Coffee still grows wild in Ethiopia’s mountain forests. Ethiopian farmers cultivate coffee in four different systems, which include forest coffee, semi-forest coffee, garden coffee and plantation coffee. About 98% of the coffee in Ethiopia is produced on small farms and it is the country’s most important export. Ethiopia is Africa’s third largest coffee producer. There are about 700,000 coffee smallholders in Ethiopia, of which 54 percent are in semi forest areas. Coffee has been part of their indigenous cultural traditions for more than 10 generations.
Southern Ethiopia coffees like this one are largely produced from distinctive indigenous Ethiopian varieties of Arabica long grown in the region. This is a dry-processed or “natural” version, meaning the beans were dried inside the fruit rather than after the fruit has been removed, as is the case with wet-processed or “washed” coffees.

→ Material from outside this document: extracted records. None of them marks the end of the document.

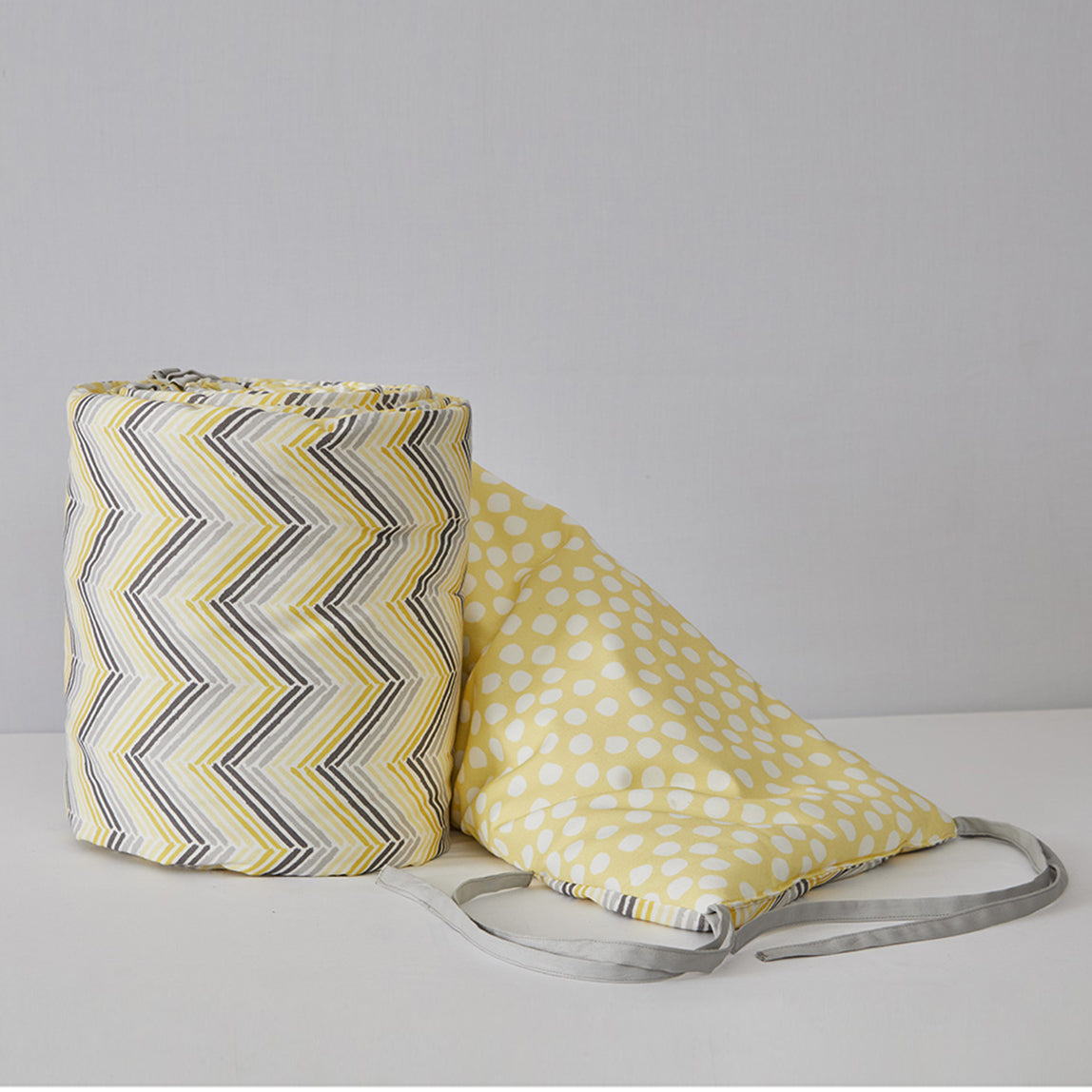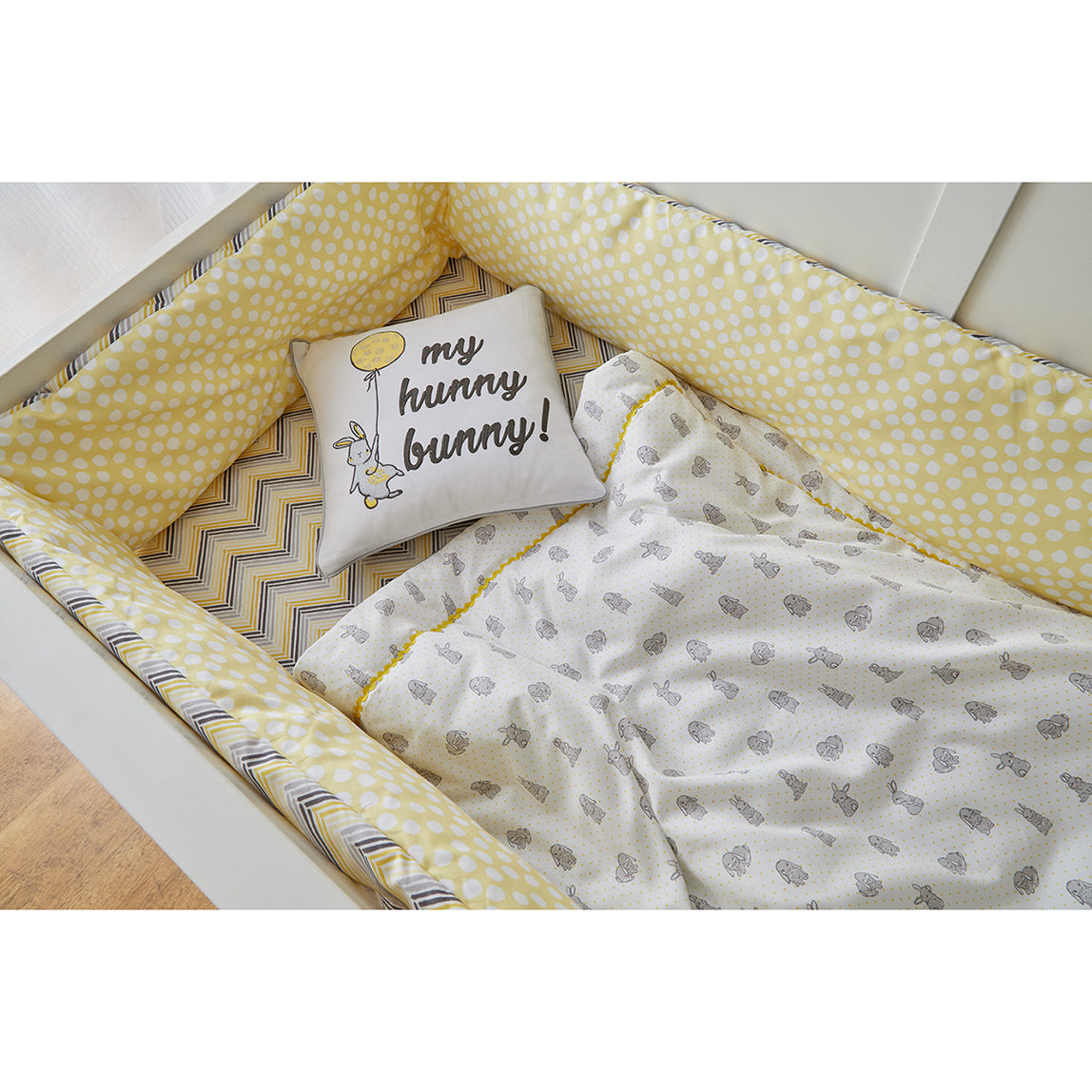 The Bunny Cot Bumper brings a playful, cheerful vibe with soft yellow hues and bunny prints. Crafted from premium cotton with thick padding, it protects little ones while adding a cozy touch to the crib. The inner wadding and quilted design ensure gentle cushioning while maintaining breathability.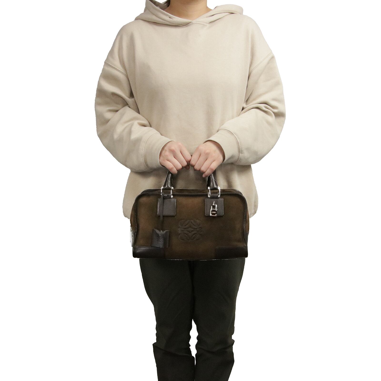本物 送料無料 ロエベ ハンドバッグ レディース アマソナ29 茶色 ブラウン 自立 アナグラム 革 レザー ロゴ マーク 人気 鞄 バック L117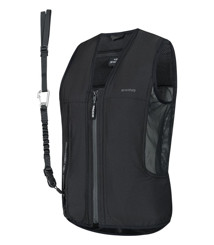 The new SWING P25 AIR airbag vest sets new standards in equestrian sports and offers an innovative protection mechanism that reacts in seconds when it counts. Tested in accordance with the latest NF S72-800:2022, it fulfils the highest requirements for airbag systems in equestrian sports - for added safety with maximum freedom of movement. The P25 AIR has been specially developed for use in equestrian sports and adapts perfectly to the body thanks to its ergonomic design and lightweight, breathable material. Integrated stretch zones and a close-fitting style allow unrestricted freedom of movement. From off-road to jumping or in training. The airbag system protects particularly vulnerable areas of the body such as the neck, chest, back, coccyx and pelvis. It inflates in milliseconds as soon as the integrated trigger mechanism is activated. The vest is released mechanically via a ripcord that is securely attached to the saddle. In everyday use, the P25 AIR is impressively lightweight and has a discreet appearance. The SWING P25 AIR airbag vest is easy to reactivate: after deployment, the CO2 cartridge can be replaced automatically so that the vest is quickly ready for use again. With its practical front zip and clean lines, it fits seamlessly into the high-quality SWING product range. For riders who make no compromises - the P25 AIR combines state-of-the-art protection technology with sporty elegance.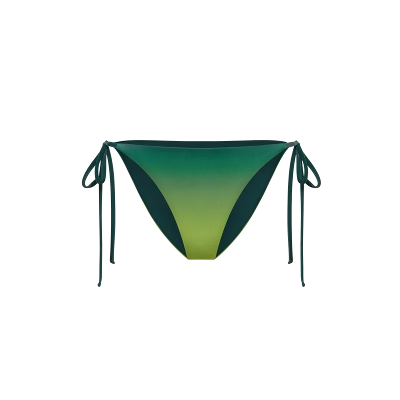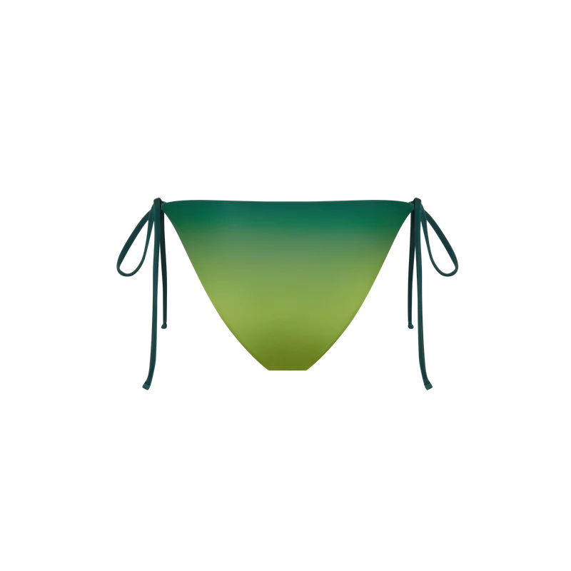 Slipul de bikini Gradient este un imprimeu realizat din țesătură tehnică pentru costume de baie. Completat cu șnururi albe contrastante – această piesă este concepută pentru a fi purtată cu sutienul de bikini asortat.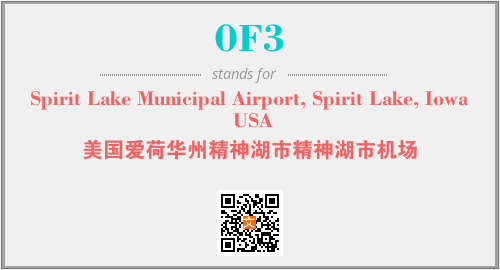 上述内容是“Spirit Lake Municipal Airport, Spirit Lake, Iowa USA”作为“0F3”的缩写,解释为“美国爱荷华州精神湖市精神湖市机场”时的信息,以及英文缩略词0F3所代表的英文单词,其对应的中文拼音、详细解释以及在英文中的流行度和相关分类、应用领域及应用示例等。

These small coffee farmers deliver ripe cherries to Aricha mill where the cherries are sorted dried on raised beds in thin layers. Cherries are regularly turned every 2 to 3 hours in the first few days to promote even drying of the cherries. Four to six weeks later the dried cherries are hulled and transported to Addis Ababa, the capital of Ethiopia. They are stored in cool temperature to retain quality and only to be milled and bagged prior to export. Coffees in Ethiopia are typically traceable to the washing station level where smallholder farmers own less than 1/2 hectare of land on average.